Question

A semi-circular track of radius $R=62.5cm$ is cut in a block. Mass of block, having track, is $M=1kg$ and rests over a smooth horizontal floor. A cylinder of radius $r=10cm$ and mass $m=0.5kg$ is hanging by a thread such that axes of cylinder and track are in same level and surface of cylinder is in contact with the track as shown in figure.
When the thread is burnt, cylinder starts to move down the track. Sufficient friction exists between surface of cylinder and track, so that cylinder does not slip.
Calculate velocity of axis of cylinder (in m/s) when it reaches bottom of the track. ($g=10{ms}^{-2}$).

Answer 1

Momentum of the cylinder-block system is conserved.

$m{v}_1+M{v}_2=0$

$v_1$ is the velocity of cylinder, $v_2$ is the velocity of block.

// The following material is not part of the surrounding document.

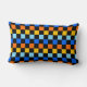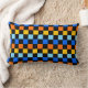 A vibrant checkerboard pattern featuring alternating rows of orange, yellow, light blue, and blue squares against a black background. The design is bold and energetic.

Velocity of cylinder w.r.t. block is

$v=v_1-v_2$

As it is pure rolling,

$w=\frac{v_1-v_2}{R}$

Since there is no sliding, energy is conserved,

$\frac{1}{2}{I}_c{w}^2+\frac{1}{2}m{v}_1^2+\frac{1}{2}M{v}_2^2-mgR=0$

$I_c$ is the moment of inertia of the cylinder about it's axis,

$I_c=m{r}^2/2$

Therefore, substituting $w$ and $v_2$ in energy equation, we get,

$\frac{1}{2}\frac{m{r}^2}{2}(\frac{v_1-v_2}{r}{)}^2+\frac{1}{2}m{v}_1^2+\frac{1}{2}\frac{m}{M}{v}_1^2=mgR$

$v_1=\sqrt{\frac{gR}{\frac{1}{4}(1+\frac{m}{M}{)}^2+\frac{1}{2}(1+\frac{m}{M})}}$

$v_1=\sqrt{\frac{10\times 0.625}{\frac{1}{4}(1+0.5{)}^2+\frac{1}{2}(1+0.5)}}\approx 2$

Answer: 2